Aufführung: Räuberwald statt Disneyland in „Ronja Räubertochter“
„Ronja“ erzählt davon, wie schön und wie schwierig es ist, erwachsen zu werden.
Krefeld. Ronjas Frühlingsschrei erfüllt das ganze Theater. Selbst bei Gewitter und Sturm wäre er bis in die tiefsten Winkel des Waldes zu hören, hinauf in die Türme der Mattisburg und bis unter die Erde, wo die Rumpelwichte wohnen. Es ist der Schrei des Erwachsenwerdens: Genau davon erzählt Astrid Lindgrens zeitlose Geschichte, die wie alle guten Kinderbücher auch ein Elternbuch ist. Am Sonntagabend feierte die Bühnenfassung umjubelte Premiere im Stadttheater.
Das Erwachsenwerden, so lernen es Ronja, ihr selbst gewählter Bruder Birk und vermutlich jeder Mensch, hat zwei Seiten. Es vermittelt ein unvergleichliches Gefühl von Freiheit und Abenteuer, dafür könnte es kein besseres Bild geben als Ronjas und Birks Sommer in der Bärenhöhle. Doch es ist auch verwirrend und gefährlich, und manchmal tut es weh. Beide Seiten fängt die Inszenierung von Gerald Gluth-Goldmann mit viel Gespür ein, die Balkanmusik von Michael Kaden liefert dazu Melancholie und Lebensfreude im Überfluss.
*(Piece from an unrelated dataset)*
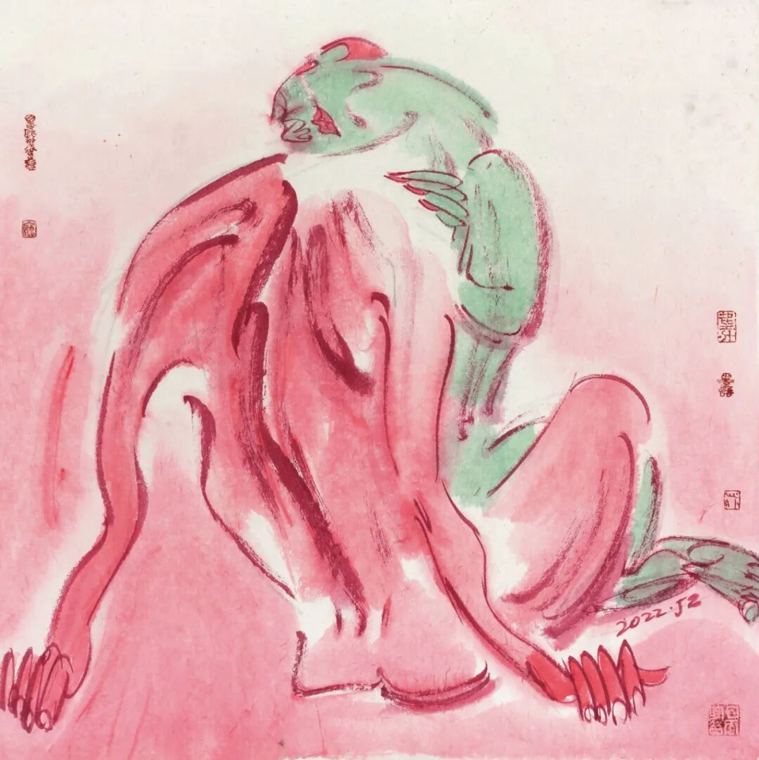 “躺平一族”系列作品的产生,正是因于这种现实与理想、观察与体验往复之中的结果。谈及创作这个系列作品的动机,张江舟说,只是以此记录一下当下的心境,也是为了调整一下生活的姿态。记录心境应该是张江舟一贯秉持的创作主张,更是其一贯的为艺态度。从2008年汶川地震之后,他的“殇”“戊子记忆”系列作品中透出的悲悯情怀中,从疫情之中,他的“尘寰·墨语”系列作品折射出的人的困惑与质疑中,从俄乌冲突之下,他的“春天的咏叹”系列作品和“虚拟人生指南”系列作品所透射出的现实关怀中,均能感受到张江舟由内而外的深切体悟和彼时的心境记录。也正因此,张江舟的水墨艺术不断地刷新着我们的认知,不断的超越着传统文化对中国水墨艺术的认知边界,也因此使他的水墨艺术有了一种跨文化的精神能量。这次访谈,我们从“躺平一族”切入,无论是对主题选择的探问,还是对语言调整的溯源,其目的都是为了走进张江舟的内心,解读其敏感神经下的心境记录。

In einer Gewitternacht wird Ronja geboren, nur ein Bündel, das mit Hilfe ihres bärenstarken Räubervaters Mattis (Marco Jorge Rudolph) erst krabbeln, dann laufen lernt. Daraus entwickelt sich ein wirbelnder Wuschelkopf (Vivien Delekta-Dörr), Quintessenz aller furchtlosen Draufgänger-Kinder dieser Welt. Sie zieht aus in den Wald, trifft Gnome mit glühenden Augen und fliegende Druden, die ihr die Augen auskratzen wollen. Gruselig ist das, aber nicht zu sehr. Ronjas Welt ist nun mal kein Disneyland.
Die Geschichte spielt unter Räubern, auch das darf man merken. Es wird derb geschimpft, laut gefurzt und hämisch gelacht, doch kleine Menschen haben vor so was weniger Berührungsängste als manche großen. Dennoch ist dies keins jener Kinderstücke, in dem unablässig gegrölt und dazwischen gerufen wird. Die meisten sind so restlos gefesselt, wie nur Kinder es sein können.
Wirklich kindisch benehmen sich die Erwachsenen auf der Bühne. Als Ronja sich ausgerechnet mit Birk (Daniel Heck), dem Spross einer verfeindeten Sippe, verbrüdert, erklärt Mattis, der alte Dickschädel: „Ich habe keine Tochter mehr.“ Das ist der Punkt, wo es weh tut, Eltern wie Kindern. Astrid Lindgren hätte sich nie angemaßt zu belehren, aber zuhören darf man ihr schon. Diesen Geist pflegt die Inszenierung.
Auch einige der Schauspieler wirken geradezu den Buchseiten entstiegen, allen voran Marco Jorge Rudolph, der einen Pfundskerl von Räuberhauptmann abgibt, stark wie zehn, laut wie 20, ein Brummbär mit einem riesengroßen Herzen. Auch Ronja und Birk treffen perfekt den Ton — selbst in den Szenen, die so stark nach Freiheit schmecken, dass schnell eine Prise Klischee mitschwingen könnte. Sie erinnern sich wohl noch gut, wie das war mit dem Erwachsenwerden.